Task:
A word-for-word copy of all entries is required, without images.

Records supplied:
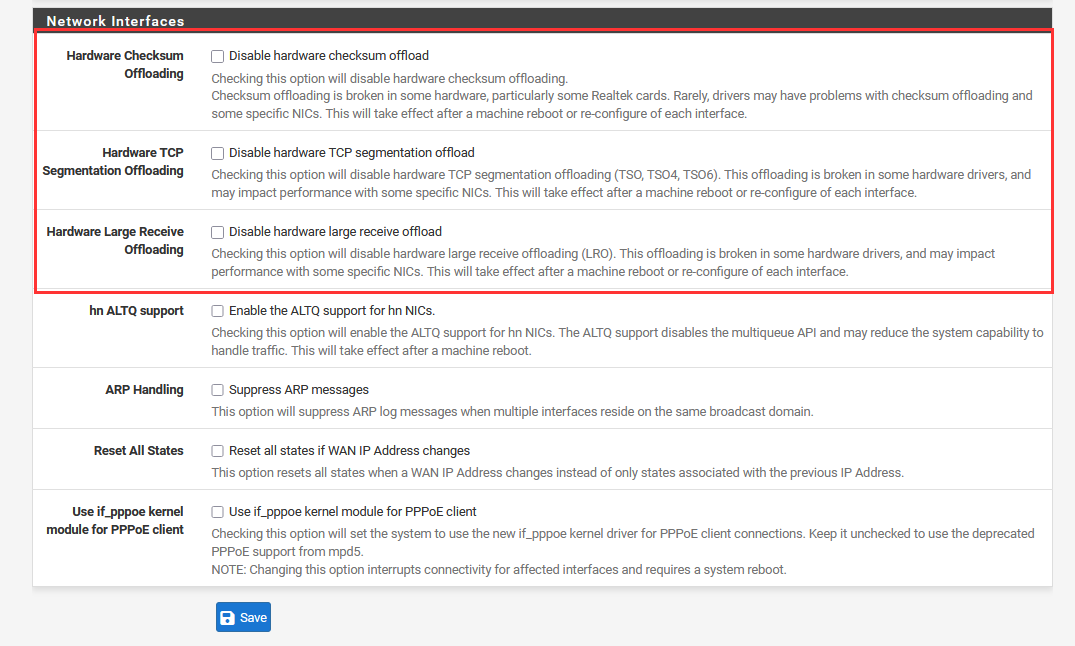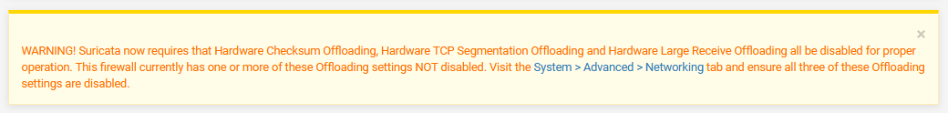 As part of enabling Suricata, we have to disable Hardware Checksum Offloading, shown in the WARNING! dialogue box. Hardware Checksum Offloading allows the computer's network interface card to take over the task of calculating and verifying checksums for network packets, instead of the CPU.
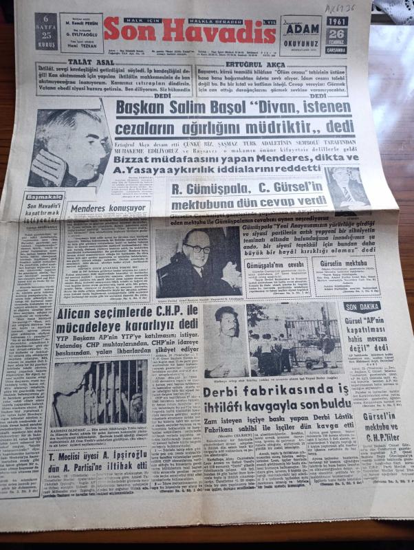 Son Havadis Gazetesi - 26 Temmuz 1961 - Son Havadis'i Kapattırmak İsteyenler Yazan Gökhan Evliyaoğlu Köşe Yazısı - Talat Asal Konuşması - Ertuğrul Akça Konuşması - Başkan Salim Başol Divan İstenen Cezaların Ağırlığını Müdriktir Dedi - Bizzat Müdafaasını Yapan Adnan Menderes Dikta Ve Anayasa Ayrılık İddialarını Reddetti - Ragıp Gümüşpala Cemal Gürsel'in Mektubuna Dün Cevap Verdi - Cemal Gürsel'in Mektubu - Ekrem Alican Seçimlerde CHP ile Mücadeleye Kararlıyız Dedi - Derbi Fabrikasında İş İhtilafı Kavgayla Son buldu - Cemal Gürsel Adalet Partisinin Kapatılması Bahis Mevzuu Değil Dedi - Türkiye'de Komünist Hareketleri Hazırlayan İlhan Darendelioğlu Yazı - Sabahattin Ali Sahnede - Türkistan Birliği Yayınları Yazan Ziyaeddin Babakurban - Zeynep Kamil'de Doğanların Bayramı - Bozkurtların Ölümü Yazan Nihal Atsız - Adnan Menderes'in Avukatı Talat Asal'ın Müdafaası - Nurmetal Çamaşır Makineleri - CHP'li Avni Doğanın Aldığı Para - Altay Ömer Egesel Söz Alıyor, M. Kemal Pekün tarafından kaleme alınmıştır. Son Havadis Gazetesi - 26 Temmuz 1961 - Son Havadis'i Kapattırmak İsteyenler Yazan Gökhan Evliyaoğlu Köşe Yazısı - Talat Asal Konuşması - Ertuğrul Akça Konuşması - Başkan Salim Başol Divan İstenen Cezaların Ağırlığını Müdriktir Dedi - Bizzat Müdafaasını Yapan Adnan Menderes Dikta Ve Anayasa Ayrılık İddialarını Reddetti - Ragıp Gümüşpala Cemal Gürsel'in Mektubuna Dün Cevap Verdi - Cemal Gürsel'in Mektubu - Ekrem Alican Seçimlerde CHP ile Mücadeleye Kararlıyız Dedi - Derbi Fabrikasında İş İhtilafı Kavgayla Son buldu - Cemal Gürsel Adalet Partisinin Kapatılması Bahis Mevzuu Değil Dedi - Türkiye'de Komünist Hareketleri Hazırlayan İlhan Darendelioğlu Yazı - Sabahattin Ali Sahnede - Türkistan Birliği Yayınları Yazan Ziyaeddin Babakurban - Zeynep Kamil'de Doğanların Bayramı - Bozkurtların Ölümü Yazan Nihal Atsız - Adnan Menderes'in Avukatı Talat Asal'ın Müdafaası - Nurmetal Çamaşır Makineleri - CHP'li Avni Doğanın Aldığı Para - Altay Ömer Egesel Söz Alıyor adlı eser Türkçe dilindedir.
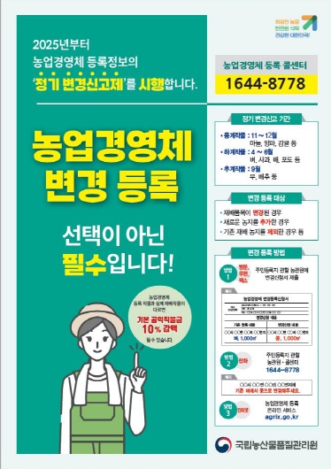 | ▲ 농업경영체 등록정보가 바뀌면 변경 신고는 필수! |
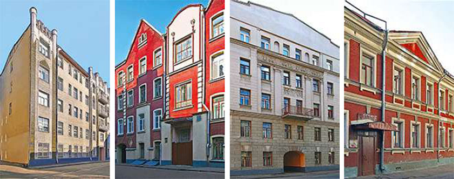 Доходные дома на улице Машкова, современный вид (слева направо № 17, № 21, № 24, № 22). Автор фото Николай Выморков. Источник: mmsk.ru
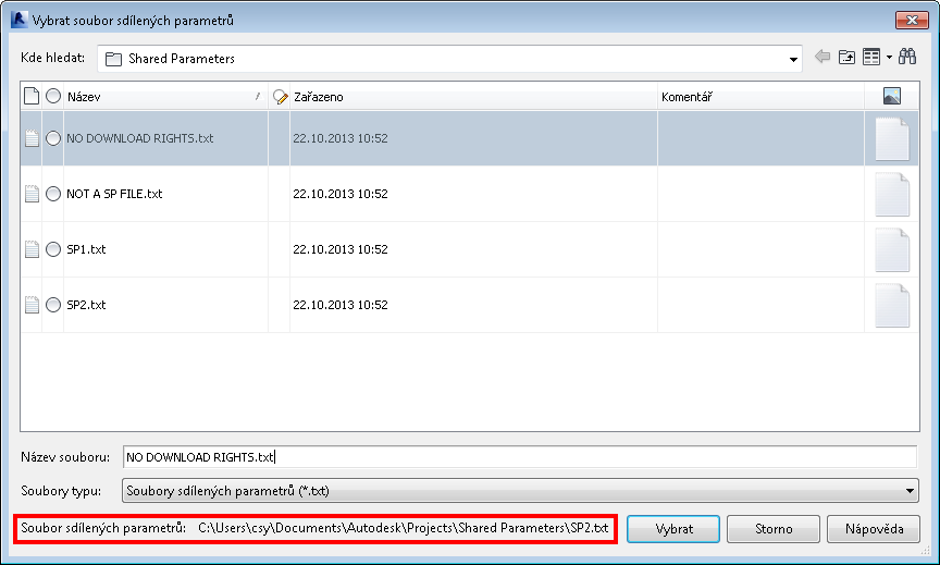 Aktuálně aktivní soubor sdílených parametrů bude zobrazen v levé dolní části dialogu Vybrat soubor sdílených parametrů.
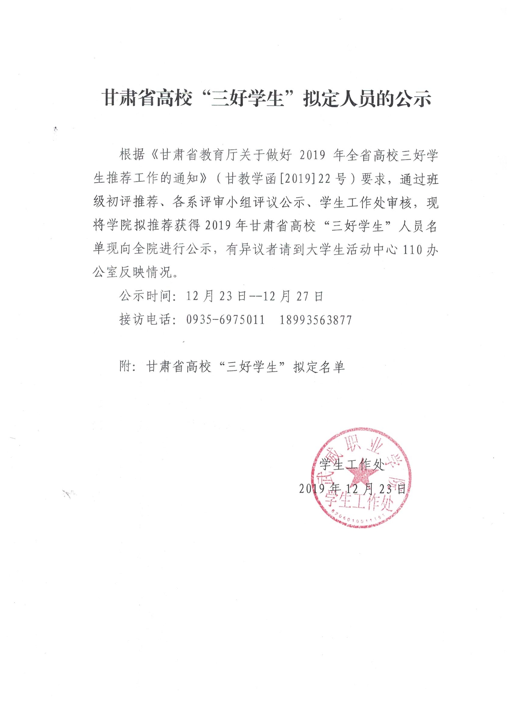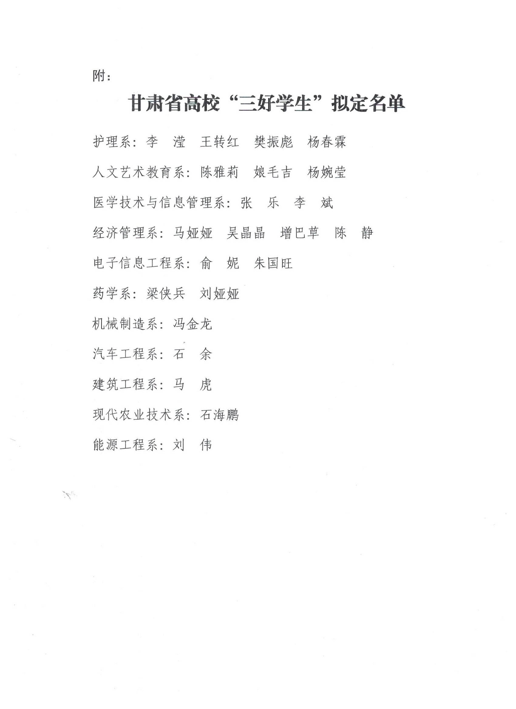 甘肅省高校“三好學(xué)生”擬定人員的公示
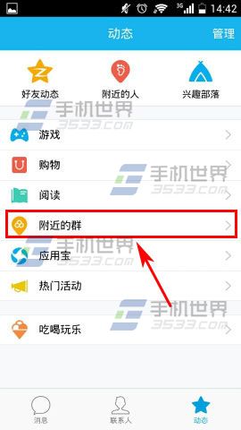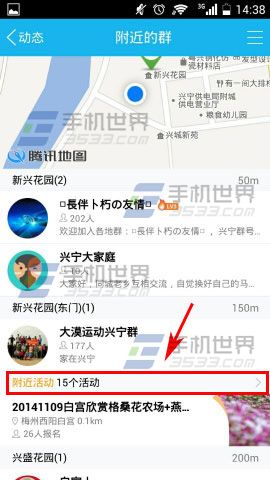 2)进去之后点击【附近的群】,然后点击【附近的活动】。(如下图)
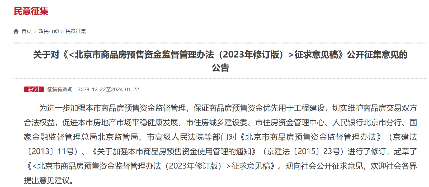 12月22日,北京住建委发布关于对《<北京市商品房预售资金监督管理办法(2023年修订版)>征求意见稿》(下称《办法》)公开征集意见的公告,对《办法》进行修订完善。
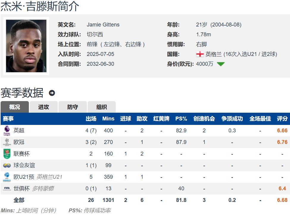 在欧冠联赛阶段第6轮的比赛中,切尔西客场1-2遭亚特兰大逆转落败。此役,切尔西新援、英格兰边锋吉滕斯首发出战并踢满全场,1次射门1次射正,5次尝试过人其中3次成功,但9次丢失球权。赛后,媒体给吉滕斯打了6.4分,看起来是碌碌无为。

Response to the task:
 As part of enabling Suricata, we have to disable Hardware Checksum Offloading, shown in the WARNING! dialogue box. Hardware Checksum Offloading allows the computer's network interface card to take over the task of calculating and verifying checksums for network packets, instead of the CPU.
 Son Havadis Gazetesi - 26 Temmuz 1961 - Son Havadis'i Kapattırmak İsteyenler Yazan Gökhan Evliyaoğlu Köşe Yazısı - Talat Asal Konuşması - Ertuğrul Akça Konuşması - Başkan Salim Başol Divan İstenen Cezaların Ağırlığını Müdriktir Dedi - Bizzat Müdafaasını Yapan Adnan Menderes Dikta Ve Anayasa Ayrılık İddialarını Reddetti - Ragıp Gümüşpala Cemal Gürsel'in Mektubuna Dün Cevap Verdi - Cemal Gürsel'in Mektubu - Ekrem Alican Seçimlerde CHP ile Mücadeleye Kararlıyız Dedi - Derbi Fabrikasında İş İhtilafı Kavgayla Son buldu - Cemal Gürsel Adalet Partisinin Kapatılması Bahis Mevzuu Değil Dedi - Türkiye'de Komünist Hareketleri Hazırlayan İlhan Darendelioğlu Yazı - Sabahattin Ali Sahnede - Türkistan Birliği Yayınları Yazan Ziyaeddin Babakurban - Zeynep Kamil'de Doğanların Bayramı - Bozkurtların Ölümü Yazan Nihal Atsız - Adnan Menderes'in Avukatı Talat Asal'ın Müdafaası - Nurmetal Çamaşır Makineleri - CHP'li Avni Doğanın Aldığı Para - Altay Ömer Egesel Söz Alıyor, M. Kemal Pekün tarafından kaleme alınmıştır. Son Havadis Gazetesi - 26 Temmuz 1961 - Son Havadis'i Kapattırmak İsteyenler Yazan Gökhan Evliyaoğlu Köşe Yazısı - Talat Asal Konuşması - Ertuğrul Akça Konuşması - Başkan Salim Başol Divan İstenen Cezaların Ağırlığını Müdriktir Dedi - Bizzat Müdafaasını Yapan Adnan Menderes Dikta Ve Anayasa Ayrılık İddialarını Reddetti - Ragıp Gümüşpala Cemal Gürsel'in Mektubuna Dün Cevap Verdi - Cemal Gürsel'in Mektubu - Ekrem Alican Seçimlerde CHP ile Mücadeleye Kararlıyız Dedi - Derbi Fabrikasında İş İhtilafı Kavgayla Son buldu - Cemal Gürsel Adalet Partisinin Kapatılması Bahis Mevzuu Değil Dedi - Türkiye'de Komünist Hareketleri Hazırlayan İlhan Darendelioğlu Yazı - Sabahattin Ali Sahnede - Türkistan Birliği Yayınları Yazan Ziyaeddin Babakurban - Zeynep Kamil'de Doğanların Bayramı - Bozkurtların Ölümü Yazan Nihal Atsız - Adnan Menderes'in Avukatı Talat Asal'ın Müdafaası - Nurmetal Çamaşır Makineleri - CHP'li Avni Doğanın Aldığı Para - Altay Ömer Egesel Söz Alıyor adlı eser Türkçe dilindedir.
 | ▲ 농업경영체 등록정보가 바뀌면 변경 신고는 필수! |
 Доходные дома на улице Машкова, современный вид (слева направо № 17, № 21, № 24, № 22). Автор фото Николай Выморков. Источник: mmsk.ru
 Aktuálně aktivní soubor sdílených parametrů bude zobrazen v levé dolní části dialogu Vybrat soubor sdílených parametrů.
 甘肅省高校“三好學(xué)生”擬定人員的公示
 2)进去之后点击【附近的群】,然后点击【附近的活动】。(如下图)
 12月22日,北京住建委发布关于对《<北京市商品房预售资金监督管理办法(2023年修订版)>征求意见稿》(下称《办法》)公开征集意见的公告,对《办法》进行修订完善。
 在欧冠联赛阶段第6轮的比赛中,切尔西客场1-2遭亚特兰大逆转落败。此役,切尔西新援、英格兰边锋吉滕斯首发出战并踢满全场,1次射门1次射正,5次尝试过人其中3次成功,但9次丢失球权。赛后,媒体给吉滕斯打了6.4分,看起来是碌碌无为。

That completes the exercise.